El tema tiene su enjundia y bien merece la consideración que está teniendo. Los partidarios de la monarquía se dedican a hacer relación de los muchos beneficios del reinado de Don Juan Carlos. También ponen de manifiesto la neutralidad partidista con la que se han comportado Juan Carlos I y Felipe VI en el ejercicio de su alta magistratura y el triste balance que se colige de las dos repúblicas que se instauraron en España en 1873 y en 1931.

A una parte del monarquismo algunos prefieren llamarlo simplemente juancarlismo, estableciendo una especie de distinción entre la manera en que Juan Carlos I ejerció su función y lo que representa la propia monarquía parlamentaria. Un error porque, aunque es cierto que la firmeza democrática del Monarca -demostrada durante el 23-F- le hizo ganar muchos enteros a los ojos de los españoles, incluso de algunos republicanos, ello no fue más que la consecuencia de lo prescrito en nuestra Carta Magna que regula que el Rey debe “guardar y hacer guardar la Constitución y las leyes”.

Resulta muy saludable que se debata sobre formas políticas del Estado, pero acaso sea tan importante o más lo que queremos que sea España durante las próximas décadas. Sostenía Renan que “la nación es un plebiscito cotidiano”. No estoy completamente de acuerdo, me inclino más hacia lo que nos propuso Ortega: “No puede haber nación sin un proyecto sugestivo de vida en común”.

No obstante, a falta de proyecto sugestivo -pues brilla por su ausencia- prefiero la idea del plebiscito a que las cosas se decidan por la vía de los hechos, que es lo que está sucediendo desde hace algunos años. Y cuando aludo a tal idea no quiero decir que se convoque una consulta sobre el futuro de la nación, me conformaría con que los partidos mayoritarios hicieran una manifestación expresa de cuál es su proyecto de España y que luego fueran consecuentes, tanto a nivel nacional como regional.

Tenemos derecho a debatir sobre nuestro futuro colectivo: respecto de si deseamos que España siga siendo una nación solidaria formada por ciudadanos iguales, con independencia de la parte del territorio donde resida cada uno, o si es preferible dejar que se convierta, en un conglomerado de territorios, sin otro aglutinante que el de mantener una denominación común.
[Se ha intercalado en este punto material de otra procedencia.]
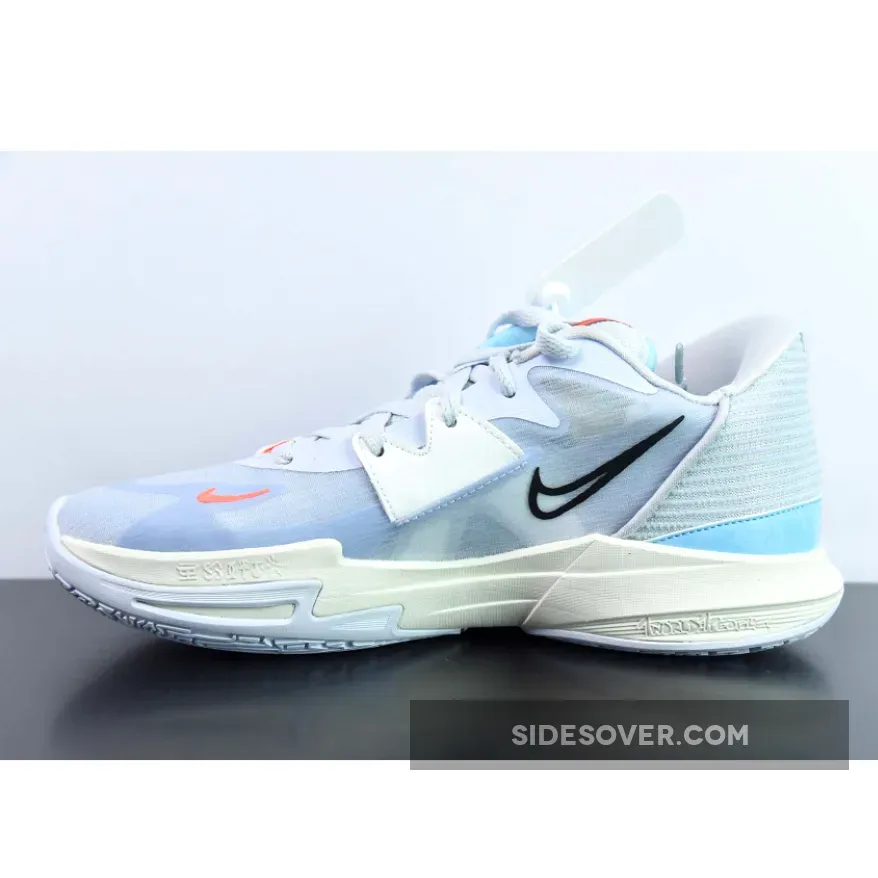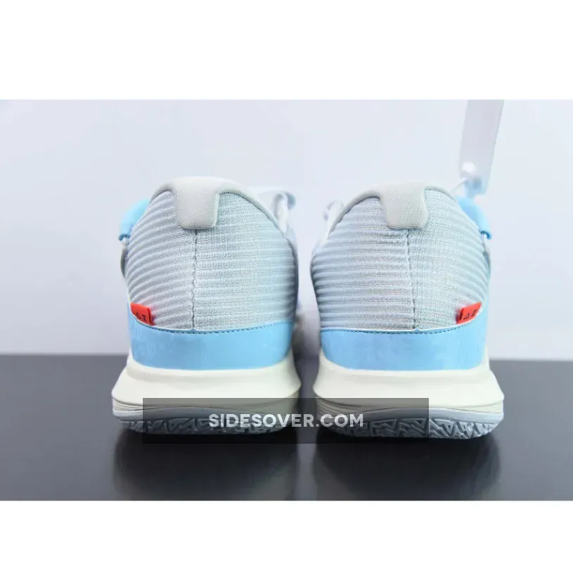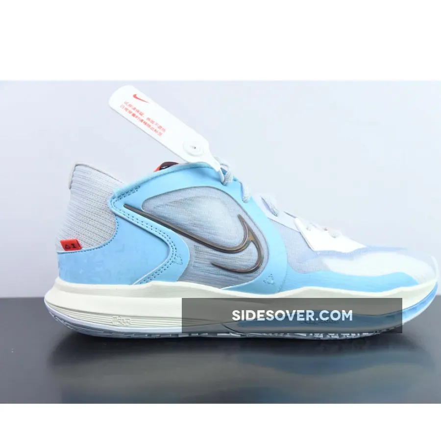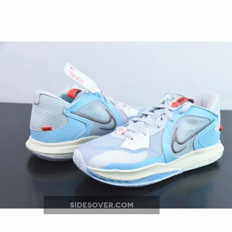 This pair boasts a fashionable colourway patterned after the Brooklyn Nets City Edition jerseys. The lightweight textile upper is dressed in tonal grey and complemented with sky blue accents. A creative multicoloured metallic take on the Swoosh and hints of white leather complete the eye-catching design.Meanwhile, fan-favourite Nike Kyrie 5 Low features such as the snug-fit laces with interlocking bands and the plush, contoured collar are retained.The icy blue tone follows onto the midsole and liner, while additional hits of gold outline the profile Swooshes, along with fiery red elevating the tongue and lateral tags.

Cuando se aprobó la Constitución, España tenía un capital social mayor que el que tenemos los españoles ahora

Tras las recientes elecciones gallegas y vascas, Jorge Bustos y algunos otros columnistas han visto en nuestro horizonte la próxima llegada de una especie de “confederación de autonomías ibéricas” -cuya forma política podría encajar con algún tipo de república- pues estamos asistiendo a un progresivo desmantelamiento de los fundamentos que han servido para construir el proyecto común español en favor del de sus respectivos territorios (Comunidades autónomas que de facto se comportan como verdaderos Estados federados). Cuando los españoles votaron la Constitución lo hicieron conforme a un proyecto de nación que no coincide con lo que las actuales generaciones de ciudadanos estamos viviendo.

Habrá a quien le parecerá que España es algo que se improvisa cada día. No estoy de acuerdo. Es probable que algunos de nuestros políticos, acuciados por temas más urgentes no reparen en ello, pero les puedo asegurar que hay otros que llevan mucho tiempo desplegando una estrategia que está dando sus frutos, y que conducirá a una nueva situación no solo fáctica sino también formalmente distinta. En esto de la política ocurre como con la sisa de la criada, mejor coger un poco cada día que todo de golpe.

Cuando fue aprobada la Constitución de 1978 España tenía un capital social mayor que el que actualmente tenemos los españoles. Entonces había un proyecto sugestivo de vida en común que no se apoyaba en el vacío. Para que exista y se mantenga cualquier grupo humano es necesario que quienes lo forman compartan el mismo capital social.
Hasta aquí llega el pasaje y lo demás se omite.